But that was her nervous breakdown.
This was mine.
The man never called again and there was nothing to suggest that catalyst for my distress was anything more than a random crank call. It didn’t matter. The four horsemen of my personal Apocalypse had left the barn and were busy laying waste to my inner landscape. I sprung to action, planting giant trash bags stuffed with crumpled up newspaper in the hall between the living room and our bedroom – so that I could hear the man who was watching, waiting as he came -- and littering the window sill of the bathroom with shards of broken glass -- so that he would cut himself as he struggled to crawl through the narrow space.
What about my then partner, the guy in the bed beside me? The trouble was, I had his number. The previous summer, while we were out for stroll in Rome, he decided to stare down a large and menacing dog lying in the middle of an alley.

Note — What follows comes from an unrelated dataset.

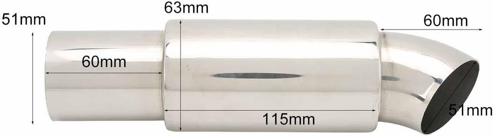- UNIVERSELLES ZUBEHÖR: Die Auspuffspitze wird mit einem 51 x 63 mm Einlassrohr und einem 51 x 60 mm Auslassrohr geliefert und kann verwendet werden, um verschiedene Arten von Fahrzeugen zu modifizieren, insbesondere Ihre.

When the dog, ocularly provoked, lumbered to its feet -- hackles high, tail held stiff and still -- and advanced towards us with a low growl, my partner gasped and, seizing me by my waist, interposed me between him and the dog. I had little doubt that, were some threatening stranger to arrive unannounced in our bedroom, his response would be to pull the bedclothes up to his chin and launch into a WASP rendition of “Take my wife! No, really, take my wife!”
I became a chronic insomniac, falling asleep without much difficulty only to wake like clockwork at two a.m. when I would listen for the man who had called me to arrive. Listen and listen until I had worked myself into enough of lather that my only recourse was to troop off to the kitchen to sit, slumped and despondent, before a bottle of brandy.
This went on for months.
It didn’t help that I had the most boring job in the world and one which combined extreme tedium with a need for great precision – editing scholarly articles for an academic journal in an office shared with a chain-smoking Mennonite. Imagine trying to focus your attention on an article about commerce between Luca and Pisa in the fourteenth century on three hours sleep. Now add a perpetual haze of second-hand smoke. Think Peking.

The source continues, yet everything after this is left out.